This piece was originally published on c40.org

On February 20th a fleet of 50 new articulated electric buses were formally incorporated into Line 3 of Mexico City’s public transport system.

The city’s transport authority, Metrobús, is a decentralised public entity managing the bus rapid transit (BRT) service through a network spanning 283 stations, seven bus lines and 140 kilometres, which service 1.8 million daily riders. Mexico City now has the largest fleet of articulated e-buses in Latin America and one of the largest worldwide.

mexico city electric buses
Source: ZEBRA

Full fleet electrification by 2035

Metrobús’s target is to electrify its entire bus fleet by 2035. To fulfill this commitment, Metrobús sought technical assistance from the Zero-Emission Bus Rapid Deployment Accelerator (ZEBRA), a partnership led by C40 Cities and the International Council on Clean Transport (ICCT), with support from the World Resources Institute (WRI) and the Global Green Growth Institute (GGGI). ZEBRA assists public authorities in Latin America to deploy low-carbon e-mobility projects and enable replication and scaling-up of best practice across the region.

Opened in 2011, Metrobús’s Line 3 (L3) is 20.4km long and has 38 stations. As L3 reached its tenth year of operation, ZEBRA supported Metrobús with the phase-out of its diesel-fuelled fleet with articulated e-buses. The technical assistance provided facilitated electrification of Metrobús’s L3 line, along with documented learnings from a 2021 pilot, in which ten Yutong articulated electric buses were deployed.

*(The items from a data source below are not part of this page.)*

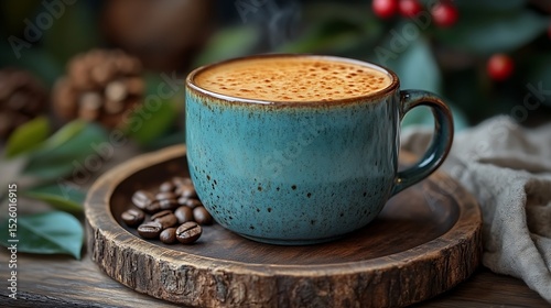 hot drink, beverage, mug, hot, drink, cup, steam, coffee bean, teal, ceramic, wooden, coaster, tray, leaf, berry, warm, cosy, home, cafes, relaxation, morning, evening, breakfast, smooth, isolated, background, natural, still life, delicious, tasty, hot drink, aromatic, brew, hot beverage, comfort, relax, simple, food, image, beverage, good, food photography, eatery, afternoon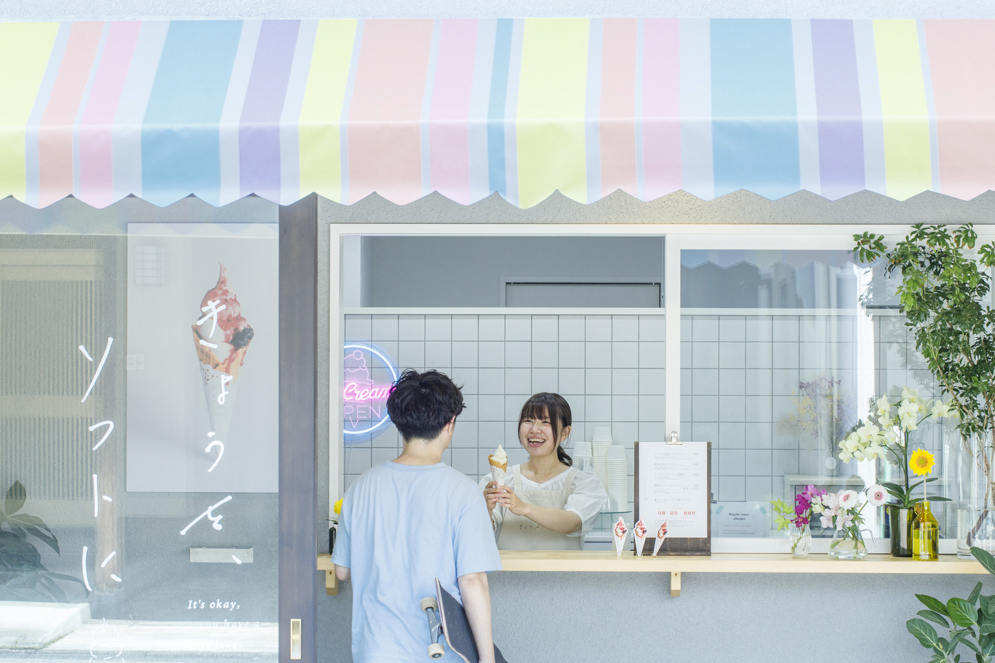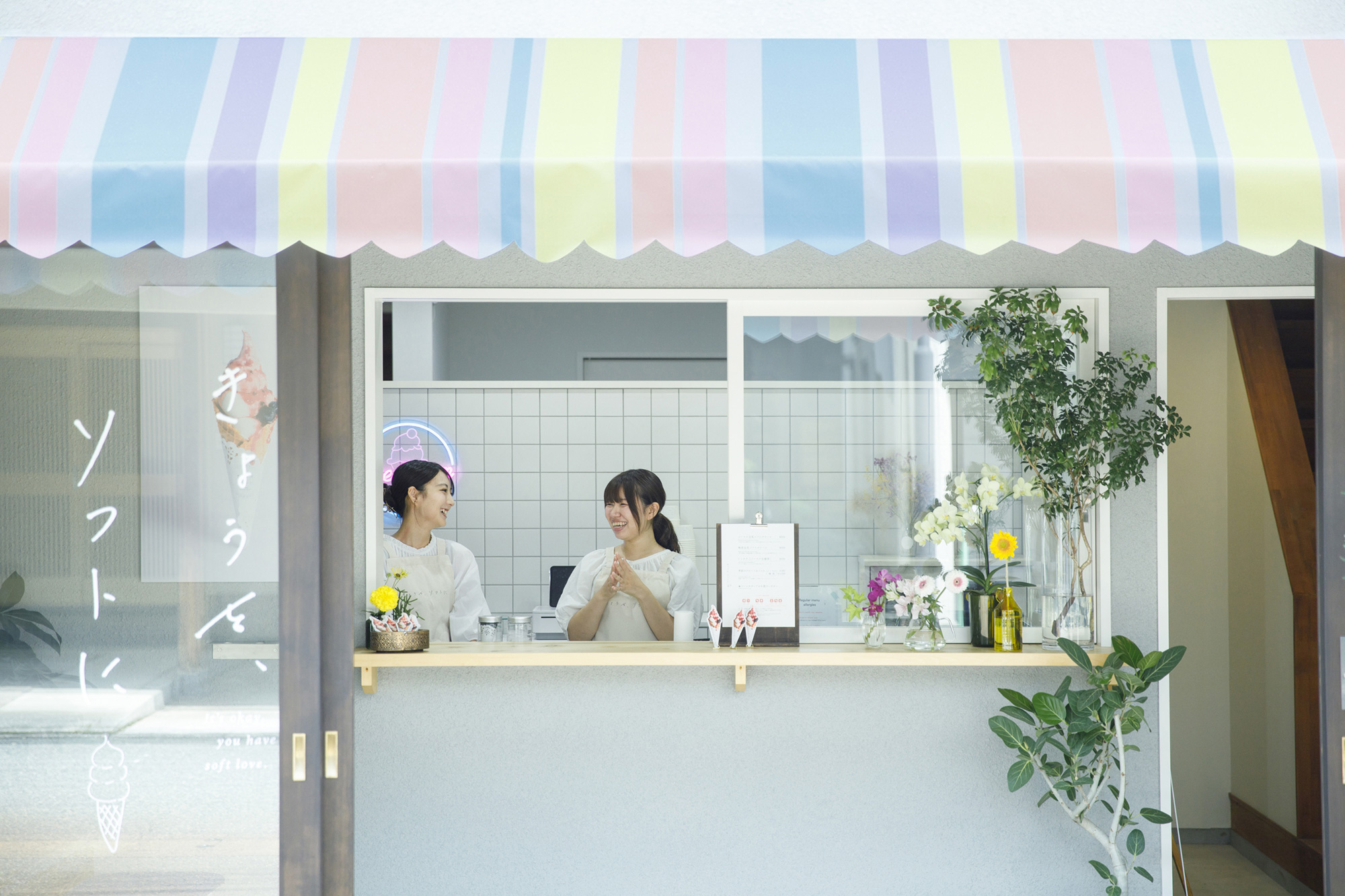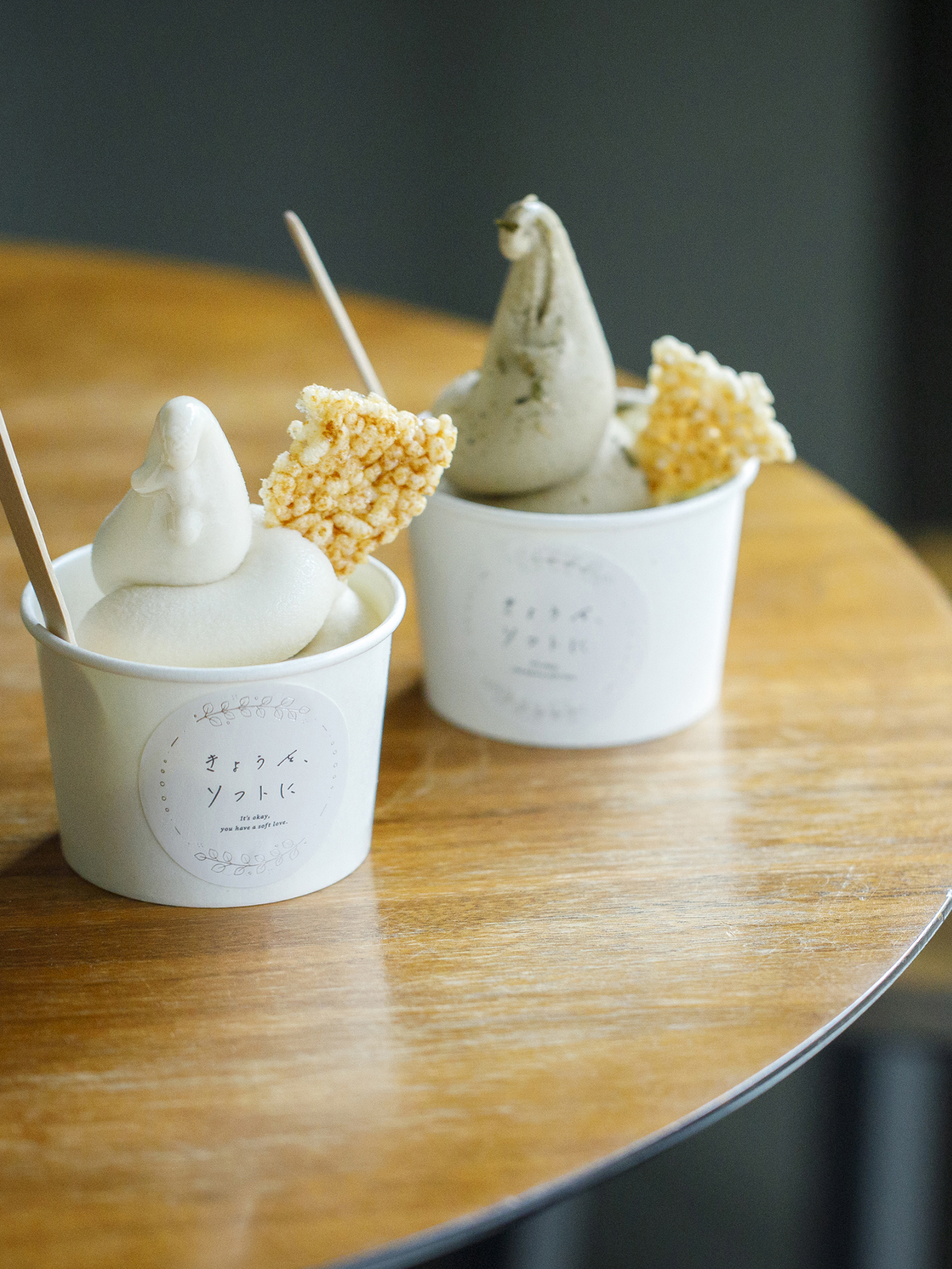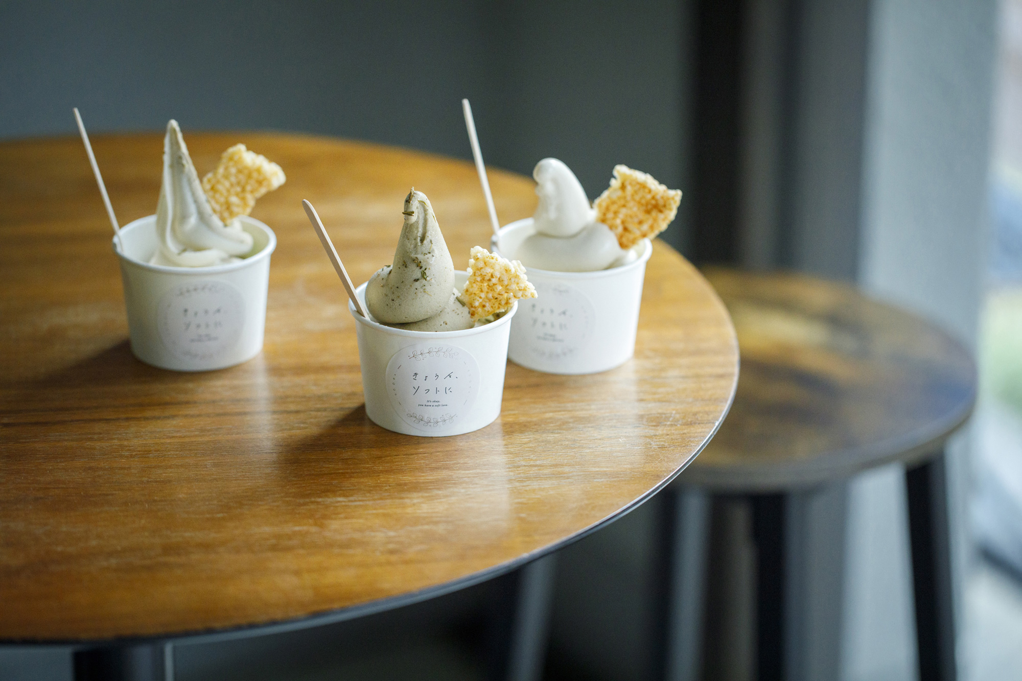 「きょうを、ソフトに」。石川県小松市にオープンした、ヴィーガンソフトクリームのお店。地元産の豆乳、米麹、アガベシロップなど、植物由来の材料でつくられたカラダに優しいソフトクリームを提供。来店者の毎日を「きょうを、ソフトに」することがミッション。
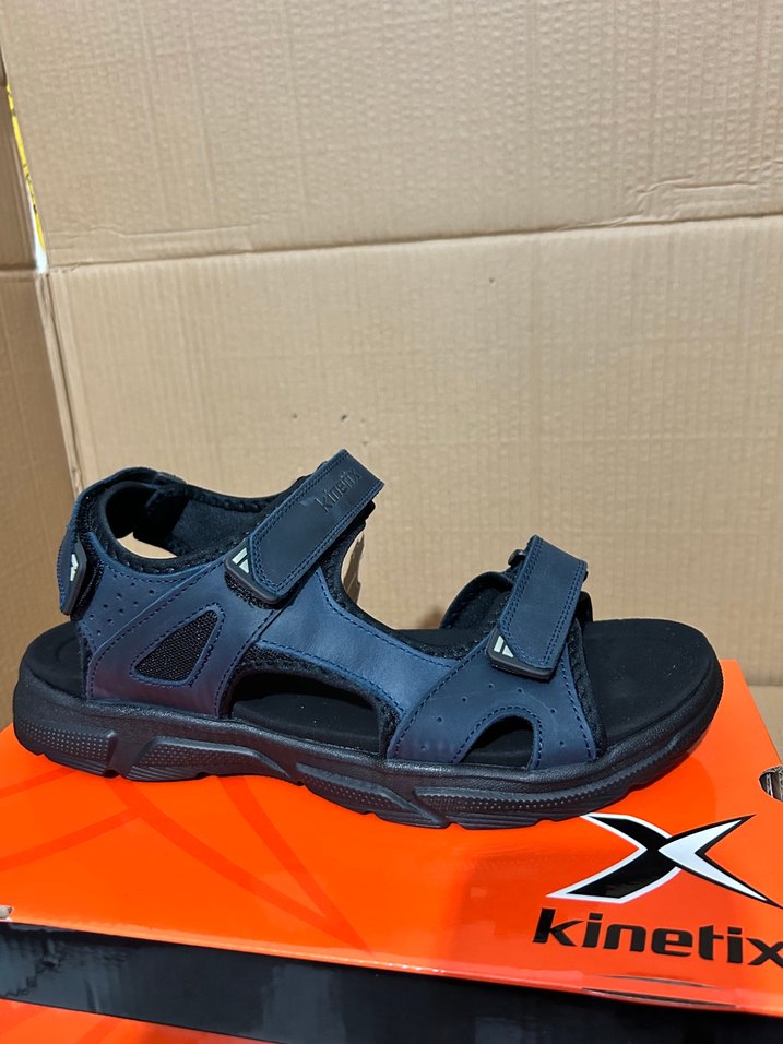Kinetix markalı, kauçuk malzemeden yapılmış, cırtcırtlı koyu mavi erkek sandalet, dış mekan ve sokak stili için uygundur.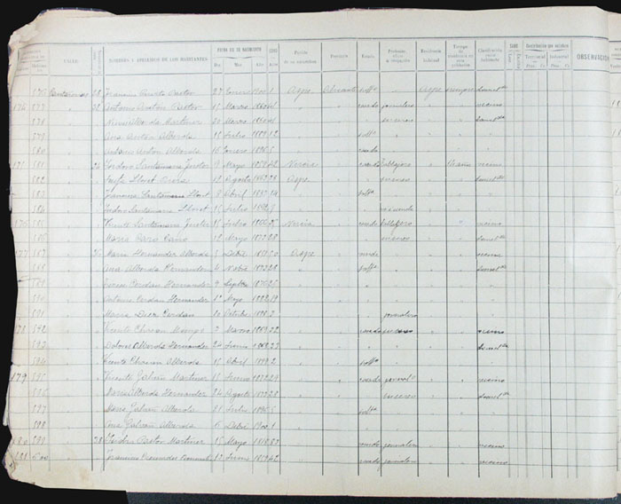 Hojas declaratorias por familias y Padrón de habitantes, 1877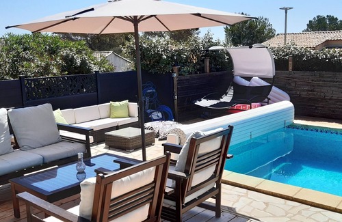 Beach villa between sea and hill, private pool, air conditioning, 4 bedrooms, quiet area is located in La Bouverie. Beach villa between sea and hill, private pool, air conditioning, 4 bedrooms, quiet area provides accommodation, featuring Bedding/Linens, Pet Friendly, Pool, among other amenities. This Villa features Bedding/Linens, Pet Friendly, Pool, to make your stay a comfortable one.

The e-bus fleet’s impressive performance persuaded both Metrobús and MIVSA (the BRT’s operator) to acquire more electric buses.

Technical assistance was made possible thanks to the political commitment secured by C40, through Mexico City’s inclusion as a signatory city in C40’s Green and Healthy Streets Accelerator, along with almost four years of technical assistance from ZEBRA’s partners. This technical assistance included:

  • Defining e-bus technical specifications;
  • Monitoring and evaluation of the city’s first e-bus pilot fleet;
  • E-bus route modelling and total cost of ownership (TCO) analyses;
  • Support in waiving import fees for e-buses;
  • Assessment of Metrobús’s financial model;
  • Assessment and recommendation of the best credit options offered by financial institutions;
  • Technical support to structure the city’s Request for Proposal documents and legal documentation;
  • Recommendations surrounding the construction of charging infrastructure;
  • Dissemination of Mexico City’s experience with other cities in the region.

Most technical assessments were conducted by the International Council on Clean Transportation (ICCT), and are publicly available. C40 and the Global Green Growth Institute (GGGI) delivered complementary technical, legal and financial assistance relating to the RFP process.

Mexico City Metrobús: e-buses are an alternative

In March 2022 a strategy for the deployment of an electric fleet in Mexico City’s “Metrobús” L3 and L4 lines was launched. The report confirmed what other ZEBRA cities in Latin America and cities around the world have demonstrated: electric buses are a viable alternative for the renovation of diesel fleets, not only from an economic point of view, but also because they reduce local and climate pollutants.

In July 2022 ZEBRA also worked with Metrobús to hold an event for local operators, called “The road to electromobility of the Metrobús,” where operators, investors, and manufacturers came together to learn more about electromobility in public transport. (This fact sheet outlines ZEBRA’s work on Mexico City’s first ten e-buses.)

Source: ZEBRA

At the end of 2022, the ICCT also launched two new reports: the first one on the energy consumption of articulated electric buses for different load levels in the Mexico City’s bus rapid transit system. In December, an analysis of electric bus performance in Mexico City was launched, which reported that the city’s e-buses met operating requirements, driving between 250 km and 325 km during two-thirds of the 10-month monitoring period. During 99% of this timeframe, the energy consumption per kilometer traveled remained in the 0.86-1.0 kWh/km range. Similarly, the energy regenerated by the braking system remained in the 21-24% range, equivalent to approximately 130 kWh per day.

Between March and October 2022, GGGI assessed and enhanced documents and technical annexes relating to a request for proposals (RFP) for the provision of the charging infrastructure. It also supported Metrobús with the tendering process and developed a set of evaluation criteria to inform the selection of the most cost-efficient and technically accomplished proposals. In parallel, GGGI also assessed the project’s financial model, providing recommendations to make it more robust, as well as providing Metrobús with transaction advisory services to select the best credit terms among a diverse range of financial providers (development and commercial banks).